The only place I know of that sells them is Hatari Invertebrates, they sometimes offer some of the southwest species that look very different from the one I posted.  I would think you could collect Dasymutilla occidentalis in New Jersey, you just have to be at the right place at the right time! They seem to favor open areas with sandy soil, where they can be found running along searching for the burrows of ground-nesting bees. Since they're solitary, you never see more than one at a time.

Wade


----------



## Navaros (Jan 21, 2004)

Cool thanks for the info. I will keep my eye out for them. I will get some from Hitari, have seen them on their site before and wanted them but I didn't thinky ou could actually keep them. I don't see why wax worms wouldn't work, they are good enough to fool bees.  Hitari is the company that sells those honey pot ants that I want too. Still can't find much info on keeping them though.


----------



## Wade (Jan 21, 2004)

How big is a waxworm pupae? How big the adult velvet ant is will depend on how much the larvae gets to eat. If the waxworm pupae is as big as a bee pupae, it might be fine. It's worth a shot. I may have to try it.

Thanks for the suggestion!

Wade


----------



## Navaros (Jan 21, 2004)

No problem.   They can get pretty fat maybe an inch long? Never fed them before so I am not sure how big they have the potential to get. Should be the same size as bee pupae though. Was moths lay eggs in bee hives, the bees take care of the larvae the same as they would with their own larvae until they pupate and fly away. You can get some was worms at a pet store for like $1.00 a dozen.
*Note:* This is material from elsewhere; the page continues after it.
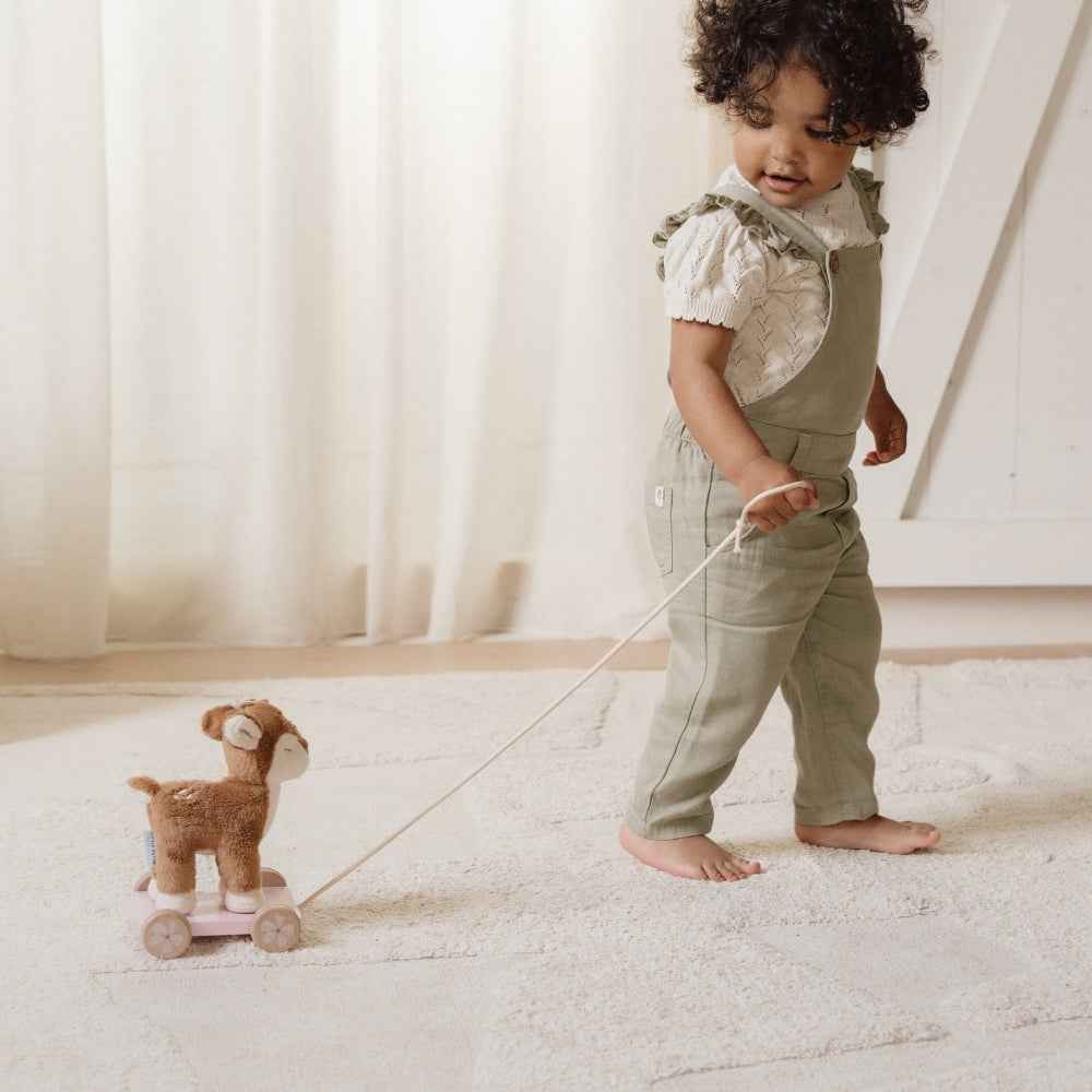 Willkommen in der zauberhaften Welt von Fairy Garden! Das Rehkitz mit Rädern von Little Dutch ist eine weiche, kuschelige Gefährtin, die Ihr Kind gerne auf eine märchenhafte Abenteuerreise begleitet. Einfach an der Schnur ziehen – und das niedliche Reh rollt auf seinem mit Blumen verzierten Holzwägelchen über den Boden. Das Spielzeug animiert zur Bewegung und unterstützt das Laufenlernen, wobei es gleichzeitig die Koordination und das Gleichgewicht fördert.
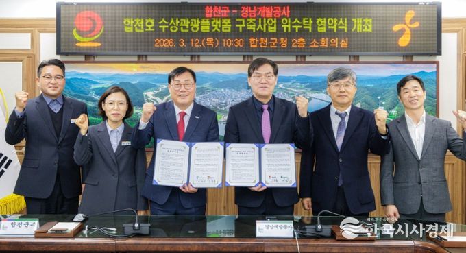 한국시사경제 노승선 기자 | 합천군은 12일 군청에서 합천호 수상관광플랫폼 구축사업의 원활한 추진을 위해 경남개발공사와 위·수탁 협약을 체결했다.

Let me know how it works!!


----------



## syndicate (Dec 8, 2005)

whoa thats weird that website sells queen honeypot ants.i was under the impession sending queens through the mail was illegal.or sending most species of ants through the mail dead or alive for the matter


----------



## Wade (Dec 9, 2005)

Most of Hatari's business is with museums, zoos and other permitted facilities. They may not sell some animals to private individuals.

Wade


----------



## Stylopidae (Dec 9, 2005)

Wade: How about mimicking a bee burrow with zophobas pupae?


----------



## Wade (Dec 9, 2005)

I tried it once and it didn't work. Zophobas are surprisingly active pupae!

Wade


----------



## padkison (Dec 9, 2005)

*Mixed Colony*

The kids and I kept a colony of bess beetles, north american millipedes, slugs, garden snails and a click beetle grub last summer.  The bess beetles lived in a rotting oak log.  Highly reccomend the bess beetles.  We easily caught a dozen just in and under logs behind the house.  They are noisy and fun to handle.

We used regular outside dirt at the time.  The millipedes, slugs and snails love sliced cucumber or summer squash. 

We released all the bess beetles and now have a mixed colony of millipedes, including one african giant, slugs, snails, a mole cricket, and type of rhino beetle.  Currently using eco-earth.  All the critters like it moist and are active when it gets dark.

Toads like the american toad and fowlers toad also make a good terrarium setup.  They tame up quickly and readily eat mealworms and crickets.  We have a setup with 3 american toads and a fowlers toad in eco-earth with hide boxes (small flower pots on their side work well).  Also a small water dish for them to soak is good.  The kids and I very much enjoy the toads.  They are comical in their frenzy to feed and they all have different personalities.  One toad is so placid my daughter takes it out and puts in it her doll house and rides it around on a toy tricycle.  You want to have clean hands when handling toads because they absorb through their skin.

Toads can be housed with certain insects like larger millipedes, but have a tendency to stuff anything small enough into their mouth to try and eat.


----------